Рывками нарастали кирпичные хрущевки, этажи — туда, туда, туда, на улицу Ватутина, — и как будто уже ничего не рвалось, не давило скрежещущим воем и свистом, и вдруг… Впереди, чуть правей, в жалком домике, во дворе, где антоновка — белый налив, вспухло облако пыли, белоклыкой щепы, в сердцевине разрыва полыхнула зубчатая красная молния, и Вадима всего опахнуло горячей наждачной волной… Человек в камуфляже, что бежал ближе к этому дому, упал, и не то кто-то сзади, не то кто-то в самом Мизгиреве повелительно крикнул: «Бери его!»
Подбежав, он вцепился в упавшего — в один миг с повернувшим назад ополченцем, — тотчас врылся в подмышку, рванул и ужасно ослаб, даже будто бы и обескровел, и желание бросить неподъемную тяжесть просверлило его. Но себя перемог, хоть в глазах ополченца тоже вроде бы не было ничего, кроме муки и тоскливого ужаса. Вместе взбагрили тело, и занес потрошеную руку подранка себе на плечо, потому что не впрячься и значило отколоться от стада, потеряться, пропасть одному. Может, если б никто не метнулся к упавшему, то и он, Мизгирев, не вцепился бы, бросил…

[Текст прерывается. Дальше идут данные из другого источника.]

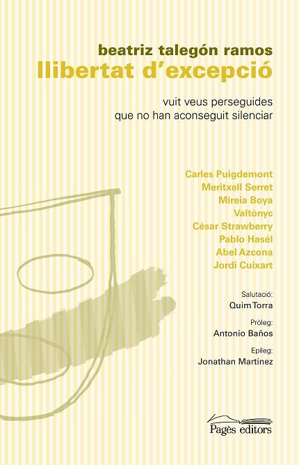 La llibertat d’expressió és un dels drets bàsics perquè una democràcia es pugui considerar com a tal. La llibertat de pensament, l’accés a la informació contrastada i veraç, representen garanties sense les quals una societat no es pot considerar lliure. Mitjançant l’entrevista, a Llibertat d’excepció es fa un recorregut per diferents àmbits des dels punts de vista d’actors socials de gran rellevància actual. Hi han col·laborat, a més, escriptors i intel·lectuals que donen la seva visió sobre la importància del fet de trobar-nos en moments de repressió. Un llibre elaborat per poder-lo llegir de diferents maneres: les preguntes semblants als entrevistats permeten fer un recorregut saltant d’una entrevista a l’altra per contrastar les diverses opinions sobre una mateixa qüestió. Serveix així per comprendre també els diferents punts de vista sobre aquest assumpte tan important. Avui dia, aquest llibre representa, sense cap dubte, una excepció de llibertat. Passeu i llegiu.
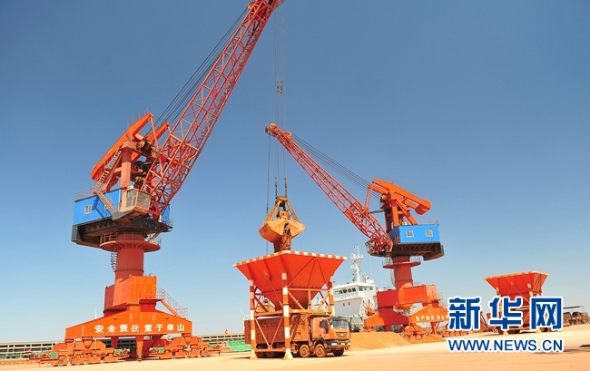 图为几内亚来的铝矾土从滨州套尔河港区上岸。(烟台港集团供图,新华网发)

Бегом, бегом, бегом… Чуя, как что-то рвется внизу живота — от натуги, а может быть, от страха надорваться, обвалиться на землю и уже не подняться… чуя, как тяжелеет сырой этот куль, видя, как с обессиливающей быстротой удаляются спины бегущих без груза, исчезая в проеме меж кирпичных коробок, Мизгирев вдруг проникся к подранку такою бесстыдной, не прощающей ненавистью, что едва не ударил его локтем в бок: сдохни, сволочь! что ж ты дал себя ранить, когда должен быть цел или сразу убит?!
Потерявшее прочность, провисшее тело набрякало, как тряпка, вбиравшая воду. Ощущение крови, захлюпавшей между ним, Мизгиревым, и раненым, вызывало прилив тошноты и желания бросить, спихнуть на соседа ненавистную эту… мясную… колоду. Но уже с человеком, быть может и мертвым, скипелись — кирпичная стена в пять этажей совсем уже близко была, со всеми своими балконами, окнами, и ничего уже перед глазами не осталось, кроме этого дома и провала в зовущую, немигающую темноту…
Ширк-ширк-ширк — затащили! За спиной громыхнуло и треснуло, не добило до мяса, костей, в первый раз из Вадима не вышибло душу, и такая горячая радость плеснулась внутри, что как будто и раненый на плече полегчал.
Он узнал, не забыл этот двор — первый раз в первый класс! снова в школу! Крики-головы-рты-руки-плечи прихлынули, подхватили, подперли, вцепились, на себя взяли ношу, самого Мизгирева подхватили как раненого, понесли, потащили под землю… утянули в траншею, окоп, переполненный матерным криком и бряцаньем железа. Это был бесконечный приямок, где когда-то играл с пацанами в войнушку… может, с кем-то из этих, упирающих сошки ручных пулеметов в ограду, заигравшихся до задыхания, до тягучего рева и треска раздираемых курток, штанов, до багровых тампонов и тряпок на запавшем под ребра дрожащем, перепачканном кровью и землей животе.
Те же руки стащили по ступенькам в подвал — в «овощной», в тесноту, не-обиду, детский плач, причитания, гомон. В полутьме, в зыбких просеках и полянках фонарного света, у больших зарешеченных окон, в простенках, в углах зябко жались друг к другу, по-крысиному кучились жители разбомблённой Изотовки. Все побитые пылью, кто в исподнем, кто в зимнем, на разостланных тряпках, на матрацах, на голом полу, со звериной сторожкостью, с богомольным каким-то восторгом вбирая каждый звук и тяжкий вздрог земли. Здесь же были и раненые, ополченцы и мирные; санитары в спецназовских горках кололи им: «Антишок! Анти-шок! Антишок!»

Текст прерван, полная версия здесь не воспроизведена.